Statement on Grant Making Policy

The Society provides a number of grants whose primary purpose is to support the charitable objectives, namely:

To promote, for the benefit of the public, the advancement of physiology and facilitate the interaction of physiologists both at home and abroad, thereby contributing to the progress and understanding of the function of biological systems, biomedical and related sciences and the promotion of health and the detection, prevention and treatment of disease, disability and malfunction of physiological processes in all forms of life.

Grants are made by The Society to support its full breadth of activities including: support for scientific symposia and meetings; the interaction of physiologists through the provision of travel grants; grants to support training and development of young physiologists; support for the development of education and teaching resources and grants for outreach activities to schools and the wider public to raise the general understanding of physiology.

Grants must be proposed, developed and reviewed by the relevant Committees empowered by the Council. Grants are developed against objectives and budgets allocated annually as part of the planning process: Council approves budgets every autumn.

Applications are managed by respective Committees with appropriate peer review processes in place.

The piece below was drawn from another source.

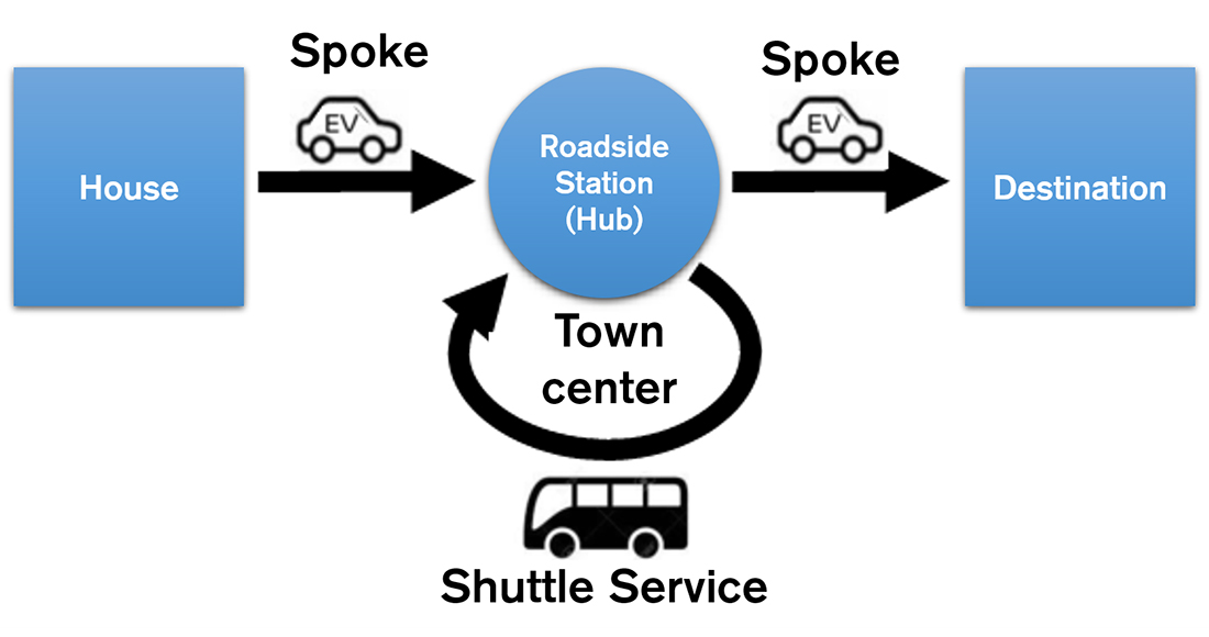 Now, imagine a bicycle wheel. At the centre is a hub, a roadside station or a similar facility. Shorter routes, or spokes, fan out from this hub to homes, businesses or shops. Now imagine there are two or more wheels, with an EV shuttle service that connects the hubs.

Some student grants are allocated on a first-come first-served basis subject to eligibility. 

Travel grants are allocated to Members, Affiliates and Undergraduates upon application and on a rolling year basis. Travel grants are subject to a competitive application process, particularly in months where demand exceeds budgetary supply; with priority going to attendees of Physiological Society-run events.  

Where grants are allocated to non-members, steps are taken to review that the recipient has the appropriate experience or expertise compared to the objectives of the respective grant.

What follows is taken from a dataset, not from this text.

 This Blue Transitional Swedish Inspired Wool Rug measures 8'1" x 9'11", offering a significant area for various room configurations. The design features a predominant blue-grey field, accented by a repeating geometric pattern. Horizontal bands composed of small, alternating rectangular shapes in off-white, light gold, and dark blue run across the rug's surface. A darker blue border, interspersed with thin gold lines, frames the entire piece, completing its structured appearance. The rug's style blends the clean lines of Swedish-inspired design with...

The Membership & Grants Committee (MGC) provides independent oversight to Council. Its role is to ensure appropriate consistency and governance, including review and approval of new schemes for compliance. It does not get involved in specific grant proposals, except for periodic review and in cases of conflicts of interest. The MGC also reviews annually the portfolio of grants made by The Society and make recommendations where they believe there is a gap or that a specific programme is out of scope.

Grantees are asked to provide reports or other feedback following their grant and many are asked to write articles for The Society’s magazine, Physiology News or for the website. In addition appropriate audit is required depending upon the size of the individual grant or grant fund: for large grants full reports and audit should occur; but for smaller grants audits should take place on 5% of grants awarded. Awardees must ensure that they retain all receipts and agree to refund any unspent monies to The Society.

The ultimate power over grants, as with all activities, lies with the Council, although it may delegate specific powers to respective Committees.